Di nuovo in tribunale ad ottobre per chiedere l’annullamento della sentenza di primo grado che ha visto condannato il nipote della vittima.
I difensori di Giacomo Bozzoli chiedono la cancellazione e l’annullamento della sentenza di primo grado che ha condannato il loro assistito all’ergastolo per l’omicidio aggravato e la distruzione del corpo dello zio Mario Bozzoli. Questo aveva 50 anni, e la sera dell’8 ottobre 2015 è scomparso nella fonderia di famiglia.
Il fatto sarebbe accaduto a Marcheno, in provincia di Brescia. Il reo tornerà in aula per il processo di secondo grado in appello, il prossimo 27 ottobre. Gli avvocati Luigi, Giovanni e Giordana Frattini hanno fatto ricorso sulla base della mancanza di prove nei confronti dell’accusato.
Le loro contestazioni vertono su più punti dell’accusa. Prima di tutto negano che vi sia stato un accordo tra l’imputato e gli operai Giuseppe Ghirardini, che era addetto al forno, e che, dopo 10 giorni dal fatto, si è suicidato ingerendo una capsula di cianuro.
Oscar Maggi e Aboyage Akwasi, detto Abu, i quali pare avrebbero concordato una versione falsa da riferire negli interrogatori. Inoltre, un altro punto, riguarda la diversità della prima accusa rispetto a quella della condanna. La Procura aveva, infatti, ipotizzato che il nipote 37enne della vittima, avesse aggredito lo zio nella fonderia, per poi trasportare il corpo caricandolo sull’auto.
In seguito, invece, gli inquirenti avevano sostenuto un’altra versione. Avevano effettuato un test con la carcassa di un maialino, per valutare le condizioni di un corpo gettato nel forno. Quindi il cadavere era stato bruciato e non occultato dall’omicida.
Questo sulla base del fatto che quel giorno, l’8 ottobre di quasi 8 anni fa, si era verificata una fiammata anomala all’interno del crogiuolo. Dopo l’esperimento giudiziale la Procura aveva ipotizzato il concorso in reato. La terza contestazione riguardava l’intercettazione di una telefonata.

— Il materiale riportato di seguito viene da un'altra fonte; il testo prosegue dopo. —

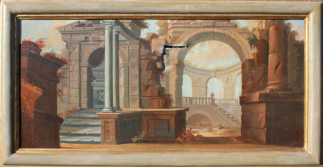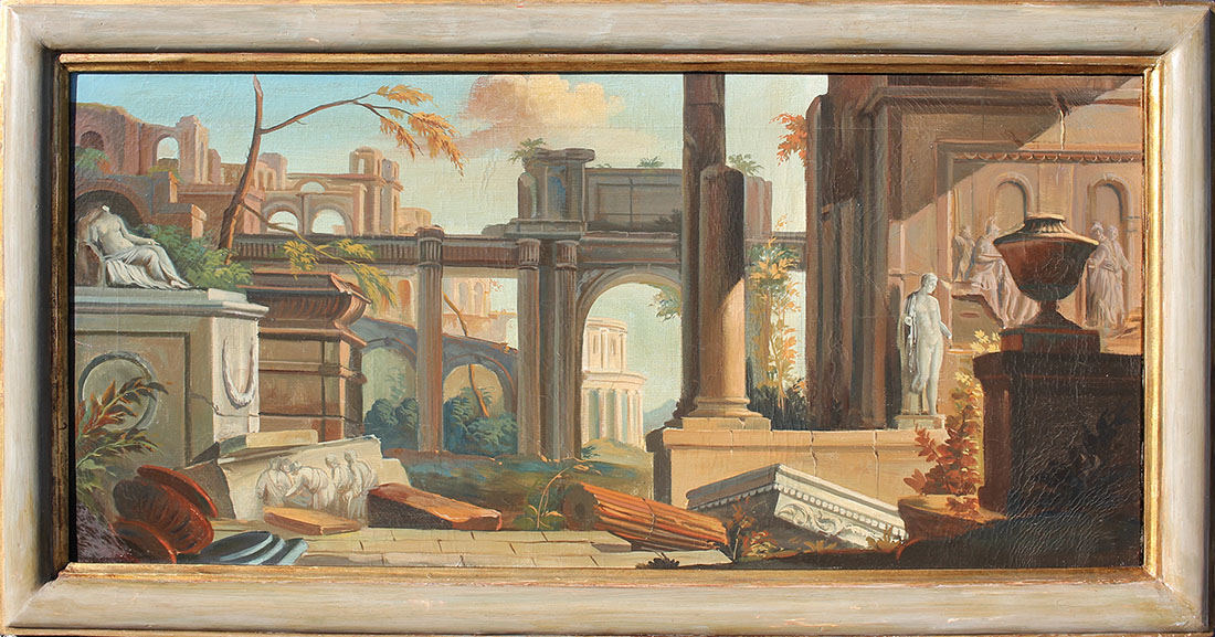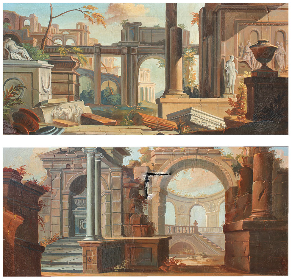 PAIR OF NEOCLASSICAL STYLE PAINTINGS OF ROMAN RUINS: Oil/Canvas, 18'' x 38'', no visible signatures, matching painted frames, 22'' x 42''.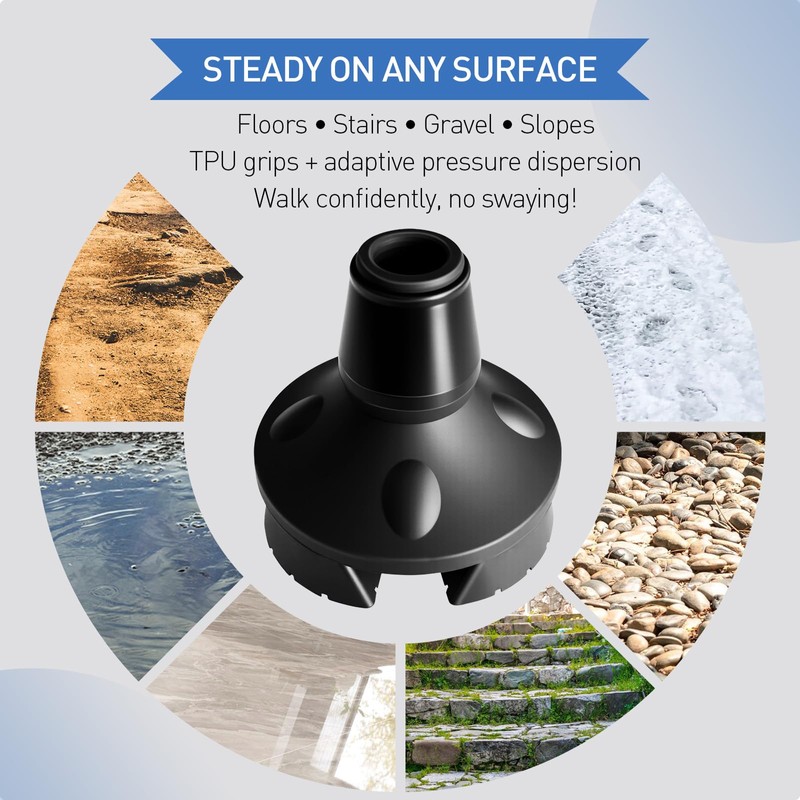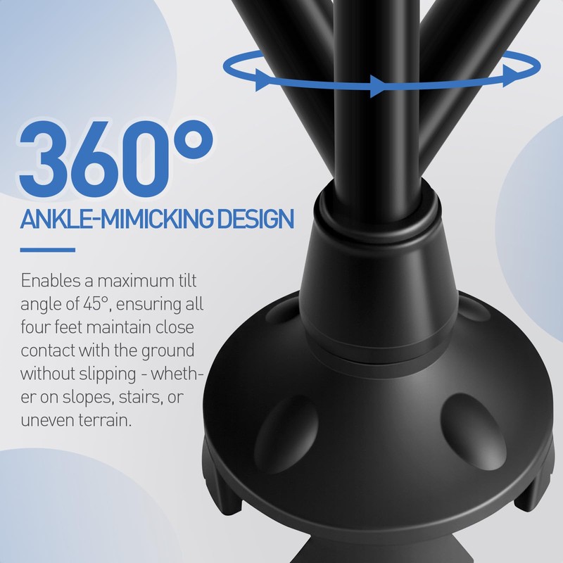 - STABLE ON STAIRS & SLOPES - 360° OMNI-DIRECTIONAL BIONIC ANKLE JOINT : The walking stick tip features a 360° omni-directional bionic ankle joint. Whether ascending/descending stairs, slopes, or uneven terrain, it automatically adjusts the 4 prong base angle to maintain full ground contact. This completely resolves the instability and slipping issues of conventional bases, delivering step-by-step stability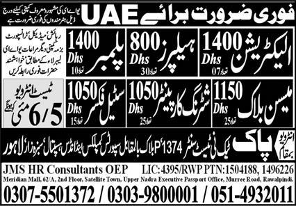 JMS HR Consultant OEP is looking for candidates for following posts as per job advertisement published in daily Express Newspaper of May 5, 2023 for location Sharjah, abu dhabi UAE: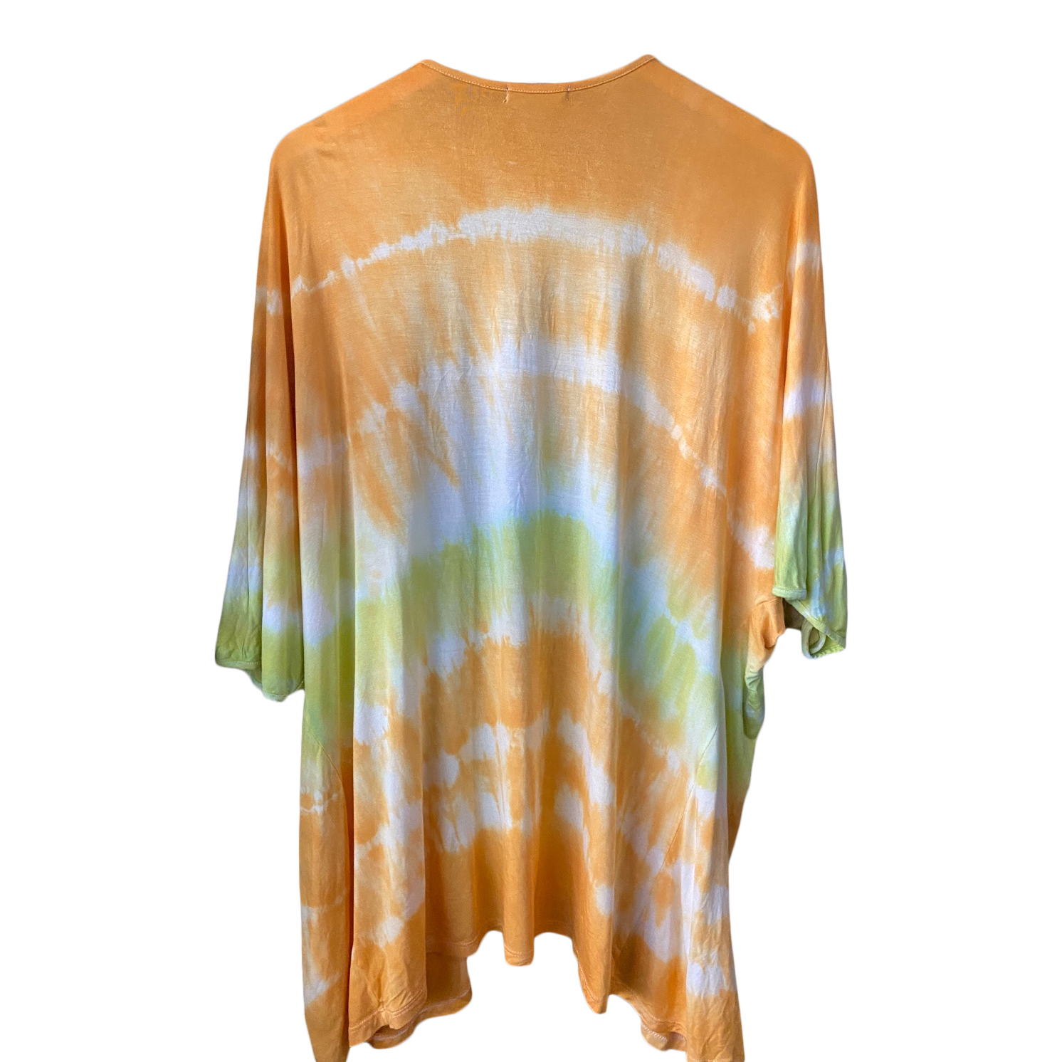 La técnica de TIE DYE se realiza a través de un proceso de tenidos y nudos, el mismo que se realiza completamente a mano por lo que ninguna camiseta será EXACTAMENTE igual a otra.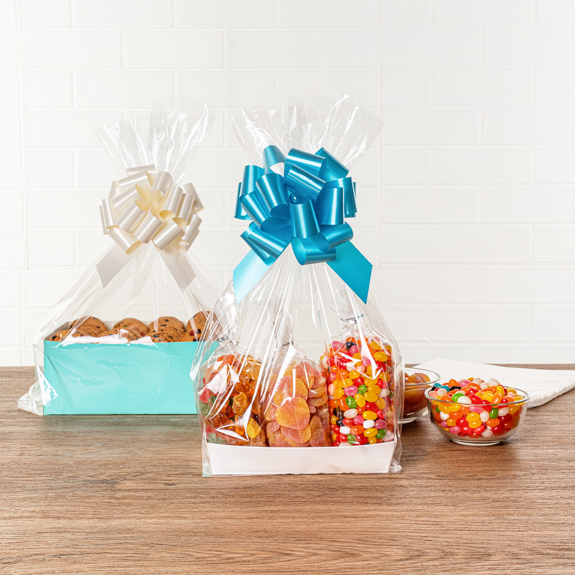 These plastic gift bags offer a crystal clear finish, ensuring your gift baskets are displayed in all their glory, igniting intrigue and appreciation. Perfect for showcasing the contents at any event or retail display.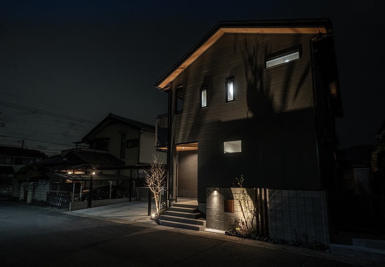 京都市U様邸 昼は品よく、夜はドラマチックに。光で完成するモダンエクステリア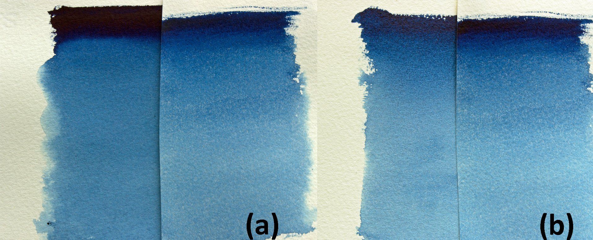Figure 4: Prussian and Antwerp blues: (a) comparison of graduated washes and (b) tinctorial strength (10 white : 1 colour).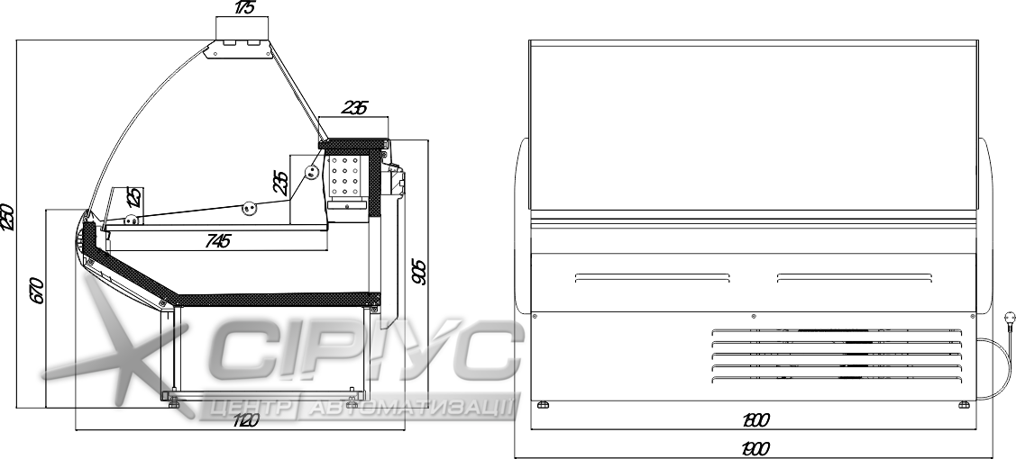 Данное оборудование производится со встроенным агрегатом, фронтальным гнутым каленным стеклом. Панель управления оснащена термоконтроллером Carel с функцией автоматической оттайки. Для более ефективной работы - оборудование произведено с двумя тенами, что имеет огромное преимущество на ряду с подобными витринами других производителей. Демонстрационная часть и полка продавца сделаны из нержавеющей стали. Шторки из оргстекла, стационарная розетка - 220 В. Корпус - из крашеного оцинкованного металла 0,65 миллиметров с пенополиуретановым заполнением..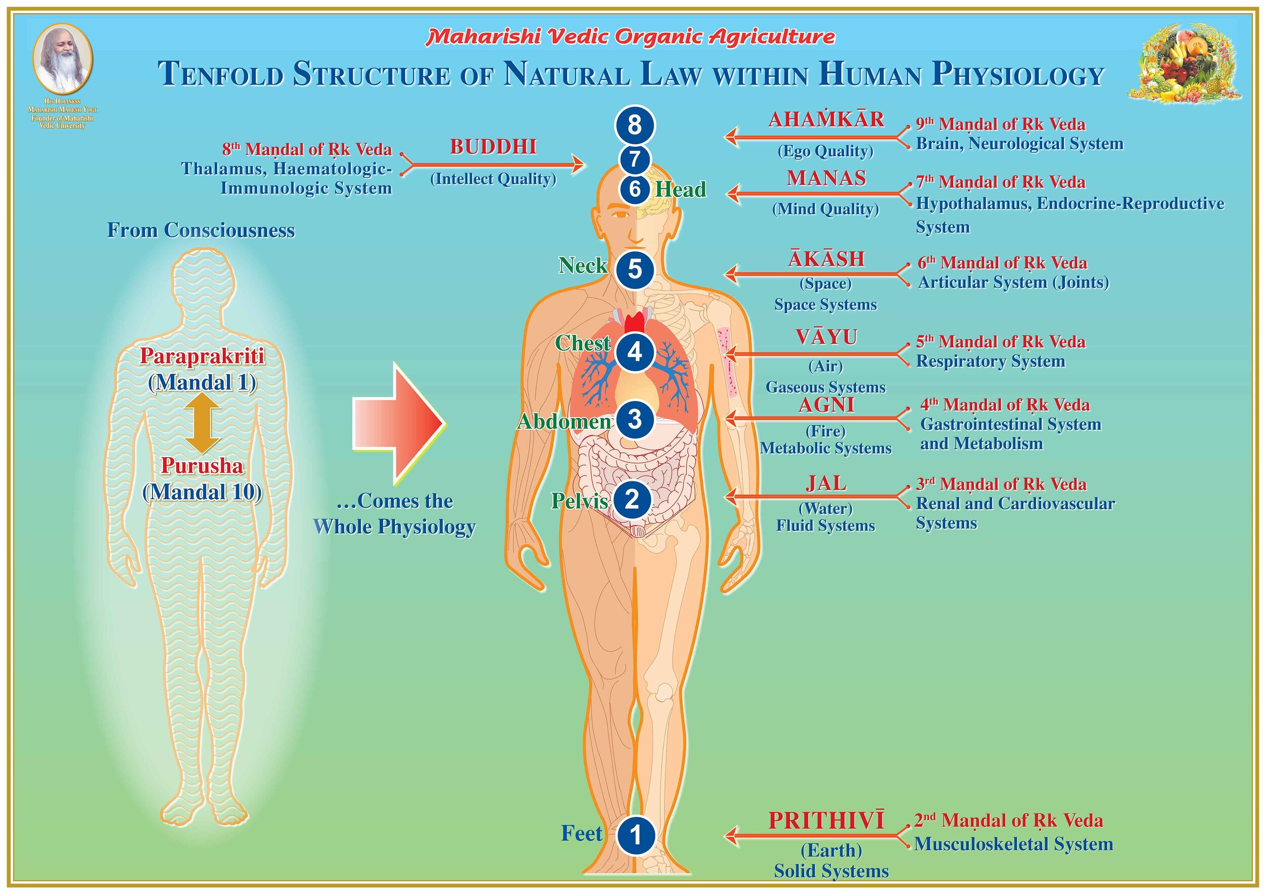 Ego, intellect, mind, space, air, fire, water, and earth comprise the eight प्रकृति (prakriti). From ego, comes intellect. From intellect, comes mind. From mind, comes space. From space, comes air. From air, comes fire. From fire, comes water. From water, comes earth. You'll notice each one gets grosser or denser and the latter is a comment on the former. And so, this is a sequence that is eternal and it just goes on and on and on. And when it goes on in the transcendent it creates a blueprint for creation, and just like a building has a blueprint, all of creation also has a blueprint and that blueprint is responsible for everything that goes on in the universe. So there is this same sequence, over and over again at an ∞ frequency.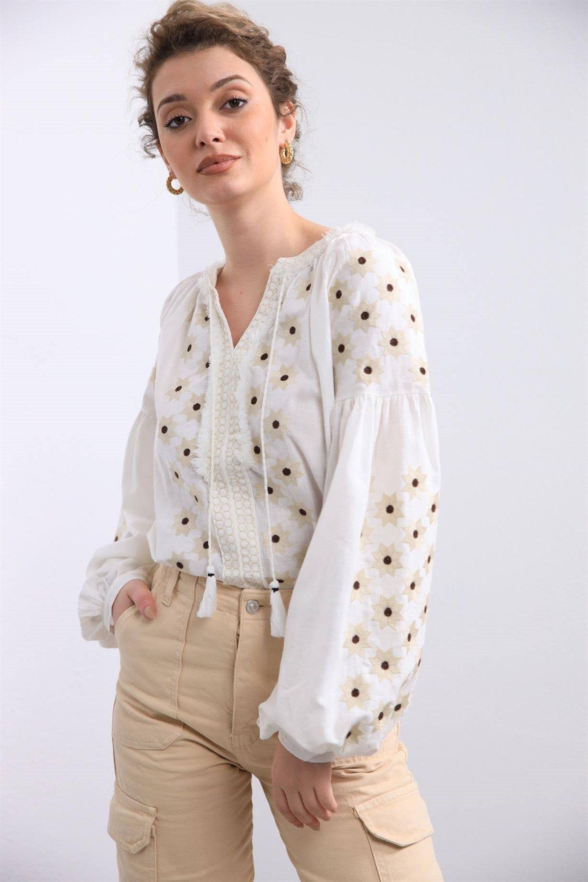 Ecru Floral Star Embroidered Ukrainian Blouse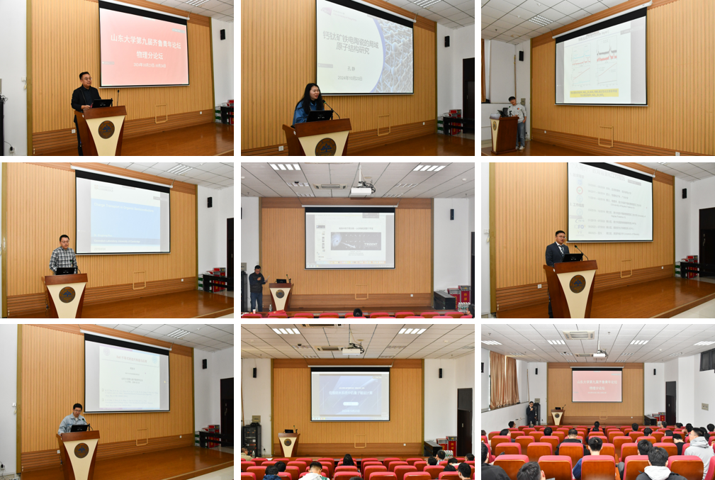 2024年10月23日-24日,山东大学第九届齐鲁青年论坛物理分论坛通过线上线下相结合的形式在山东大学物理学院量子报告厅成功举办。本次论坛搭建了我院与海内外青年学者沟通交流的平台,会议邀请了11位海内外优秀青年学者主讲,加强了学院对外学术交流,让更多青年学者了解山东大学和山大物理。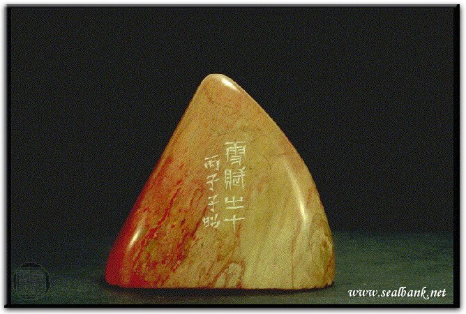 黃嘗銘.四十三歲/刻〔縱心皓然何慮何營〕自然形封泥框朱文印。邊款為【雪賦之十。丙子,子昭。】昌化雞血。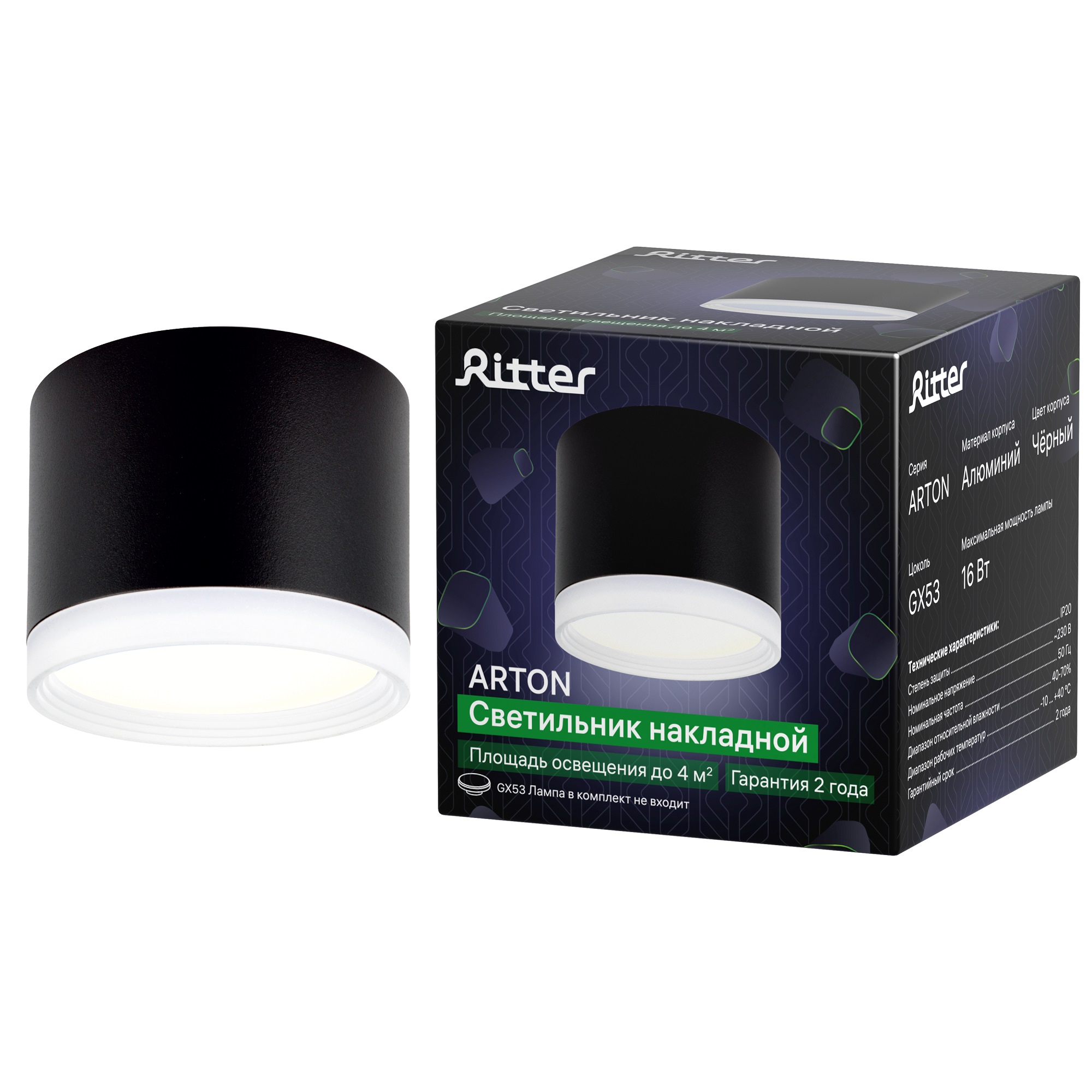 Светильник накладной, ARTON, цилиндр, 85х85х70мм, GX53, алюминий/стекло, черный, ,, код 59947 0, производитель RITTER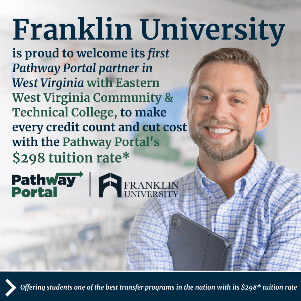 Columbus, OH (July 11, 2024) – Franklin University announces that it has expanded its articulation partnership with Eastern West Virginia Community & Technical College (EWVCTC). This collaboration marks the fifth institution outside Ohio to join the Pathway Portal, granting eligible EWVCTC students and alumni access to Franklin’s cutting-edge Pathway Portal and a special tuition rate of $298 per credit hour.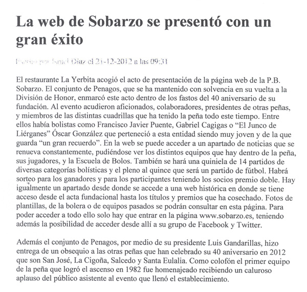 www.pbsobarzo.comNoticias aparecidas en la Prensa y Periódicos.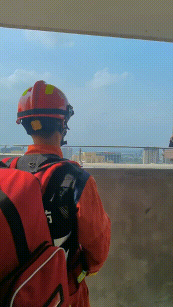 現場民警立即與男子進行溝通心理輔導,消防員則從樓頂后側上去慢慢靠近進行勸說,穩定他的情緒。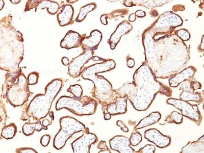 Formalin-fixed, paraffin-embedded human Placenta stained with PLAP Monoclonal Antibody (GM022).

Questa era avvenuta tra gli operai Abu e Maggi, dopo una settimana dalla scomparsa di Mario. Si aggiungeva anche la richiesta di annullamento dell’ordinanza che aveva disposto il suddetto esperimento presso un forno fusorio di Provaglio d’Iseo.
I legali dell’accusato avevano anche accennato all’ultima telefonata avvenuta tra Mario e la moglie, che lo stava aspettando per uscire a cena, la quale aveva dato l’allarme della scomparsa già alle 22 della stessa sera. Le telecamere di sorveglianza, secondo l’accusa, erano state spostate dai colpevoli per non inquadrare le zone dell’omicidio.
Secondo i difensori erano posizionate in quel modo a seguito dei furti di rottame. Giacomo Bozzoli, nel corso del processo davanti alla Corte d’Assise di Brescia, si è sempre dichiarato innocente affermando di non avere mai nemmeno litigato con lo zio, e di doverlo ringraziare per avergli insegnato il mestiere.
La zia dell’imputato, lo aveva subito accusato per la scomparsa del marito. L’ex fidanzata Jessica Gambarini, aveva riferito di essere a conoscenza di un presunto piano omicida di Giacomo, rivelatole durante la loro relazione. Sul banco dei testimoni sono passate 200 persone, molte delle quali in comune tra difesa ed accusa.
Le testimonianze di due ex addetti che erano anche stati indagati hanno smentito le tempistiche presunte dall’accusa. Sul contenuto del forno inoltre l’autorità aveva disposto una perizia, l’anatomopatologa forense Cristina Cattaneo, aveva escluso l’ipotesi del cadavere bruciato nel forno.
Mentre il 17 novembre, la consulenza del genetista forense Giorgio Portera aveva evidenziato che, per l’alta temperatura, era plausibile non trovare tracce di Dna. Oltre 270 le pagine di motivazioni della sentenza che, il tribunale ha emesso lo scorso 30 settembre 2022.